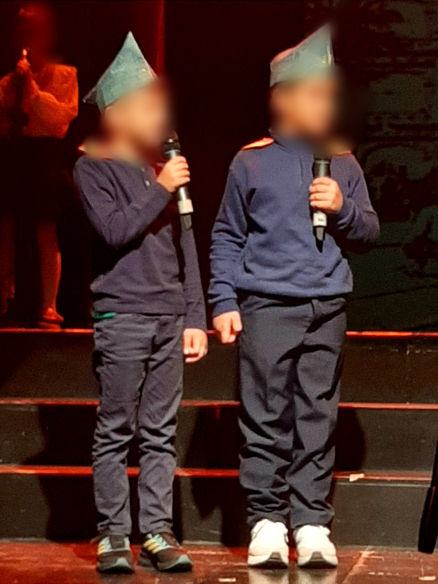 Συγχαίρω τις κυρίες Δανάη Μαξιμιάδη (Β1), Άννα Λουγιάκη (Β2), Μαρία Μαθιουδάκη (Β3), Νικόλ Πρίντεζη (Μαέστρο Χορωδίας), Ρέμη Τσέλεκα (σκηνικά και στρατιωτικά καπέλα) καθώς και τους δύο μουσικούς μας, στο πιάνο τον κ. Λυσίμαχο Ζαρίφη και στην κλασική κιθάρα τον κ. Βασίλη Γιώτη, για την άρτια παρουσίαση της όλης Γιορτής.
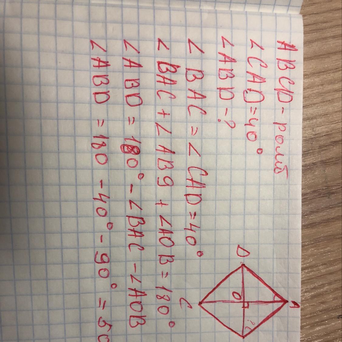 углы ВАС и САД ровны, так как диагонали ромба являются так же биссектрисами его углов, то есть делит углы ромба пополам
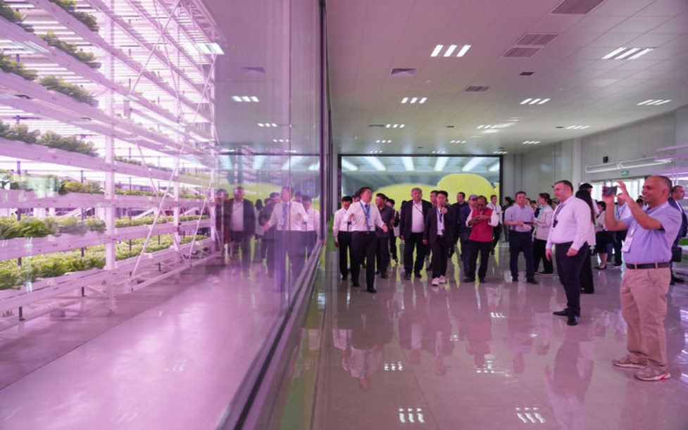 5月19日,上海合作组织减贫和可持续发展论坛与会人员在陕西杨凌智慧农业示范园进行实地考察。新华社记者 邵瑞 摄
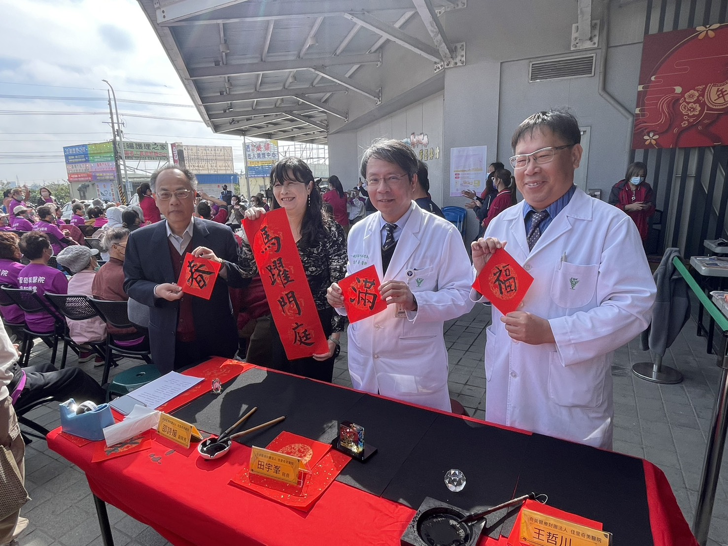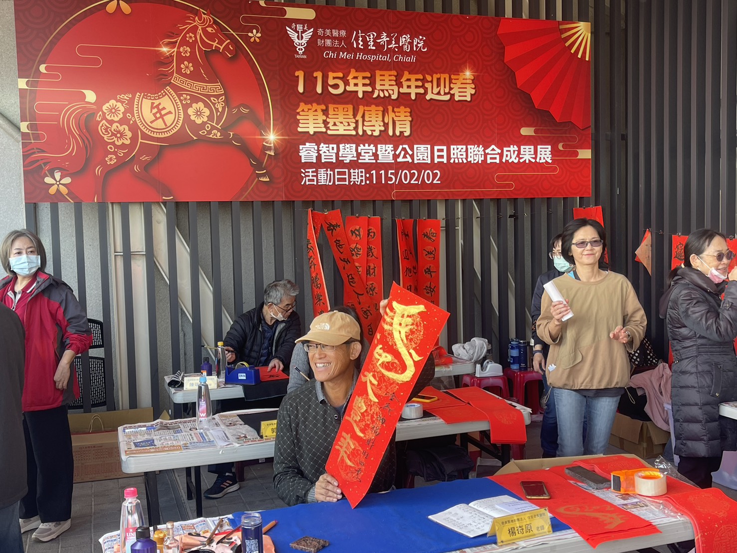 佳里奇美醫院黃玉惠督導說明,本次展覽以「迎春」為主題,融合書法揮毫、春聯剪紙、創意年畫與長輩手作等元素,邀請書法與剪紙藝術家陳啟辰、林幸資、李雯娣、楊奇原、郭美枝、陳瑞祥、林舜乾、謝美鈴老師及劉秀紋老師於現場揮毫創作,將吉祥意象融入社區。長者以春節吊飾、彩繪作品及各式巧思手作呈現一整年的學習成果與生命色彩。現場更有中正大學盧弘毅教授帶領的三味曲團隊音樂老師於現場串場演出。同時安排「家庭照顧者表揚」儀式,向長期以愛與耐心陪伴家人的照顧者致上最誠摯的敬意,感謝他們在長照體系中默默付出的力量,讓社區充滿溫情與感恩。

------------------------------

● What to do: Copy out exactly, without any pictures, the lines above that begin at the one with "5月19日,上海合作组织减贫和可持续发展论坛与会人员在陕西杨凌智慧农业示范园进行实地考察。新华社记者 邵瑞 摄" and end at the last line of the listing.

● Expected answer:
 5月19日,上海合作组织减贫和可持续发展论坛与会人员在陕西杨凌智慧农业示范园进行实地考察。新华社记者 邵瑞 摄
 佳里奇美醫院黃玉惠督導說明,本次展覽以「迎春」為主題,融合書法揮毫、春聯剪紙、創意年畫與長輩手作等元素,邀請書法與剪紙藝術家陳啟辰、林幸資、李雯娣、楊奇原、郭美枝、陳瑞祥、林舜乾、謝美鈴老師及劉秀紋老師於現場揮毫創作,將吉祥意象融入社區。長者以春節吊飾、彩繪作品及各式巧思手作呈現一整年的學習成果與生命色彩。現場更有中正大學盧弘毅教授帶領的三味曲團隊音樂老師於現場串場演出。同時安排「家庭照顧者表揚」儀式,向長期以愛與耐心陪伴家人的照顧者致上最誠摯的敬意,感謝他們在長照體系中默默付出的力量,讓社區充滿溫情與感恩。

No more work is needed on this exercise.